Financial Performance - Second Quarter 2008
For the second quarter of 2008, operating revenue was $409.8 million,
compared to $375.3 million in the same period of 2007, representing an
increase of $34.5 million or 9.2%. The increase in operating revenue was
attributable to an increase of 0.5% in the Block Hours flown and a 23.3%
increase in pass-through costs under the Capacity Purchase Agreement (CPA)
with Air Canada. For the three-month period ended June 30, 2008, performance
incentives payable by Air Canada to Jazz under the CPA amounted to
$4.0 million or 1.7% of Jazz's Scheduled Flights Revenue as compared to
$4.6 million or 2.0% for the same period in 2007. This translates to 73% of
the incentives available under the CPA for the quarter versus an 86%
attainment in 2007. Incentives earned in the second quarter of 2008 were lower
primarily due to the consequential impact of inclement weather conditions
which led to lower on-time performance than 2007. Year-over-year, for the
second quarter, other revenue sources increased from $2.3 million to $3.1
Total operating expenses increased from $335.4 million in the second
quarter of 2007 to $381.0 million for the same period in 2008, an increase of
$45.6 million or 13.6 %. Pass-through costs represented $32.5 million or 71.3%
of the total increase in operating costs, rising primarily as a result of the
continuing rise in fuel prices. Controllable Costs represented $13.1 million
or 28.7% of the total increase in operating costs, rising primarily as a
result of increased costs related to aircraft maintenance, depreciation,
salaries, wages and benefits and other expenses.

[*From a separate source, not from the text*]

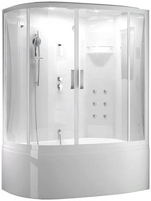 БЕССИЛИКОНОВАЯ сборка Ванны, поддоны экраны и задние стенки - 100% акрил, армированный по всей площади. Сенсорная электронная панель управления S167BTT с радио и функцией BLUETOOTH. Двери из полированного сверпрочного закаленого стекла EN 151120 6мм с антигрязевым покрытием. Ручной душ с силиконовыми форсунками и гладким шлангом. Верхний душ, дверные ручки, накладки на динамик и вентилятор - из нержавеющей стали. Быстросъемные металлические бесшумные двойные ролики. Душевая штанга с регулиров...

For the second quarter of 2008, EBITDA(1) was $36.9 million compared to
$45.6 million in the second quarter 2007, a decrease of $8.7 million or 19.0%.
Operating income of $28.8 million represents an $11.1 million or 27.8%
decrease from the same period last year.
Controllable Costs per Available Seat Mile, excluding fuel, for the three
month period ended June 30, 2008, increased by 7.5% over the same period in
2007. During the quarter, the Controllable Costs related to the CPA were
affected by increased heavy maintenance related costs and training expenses.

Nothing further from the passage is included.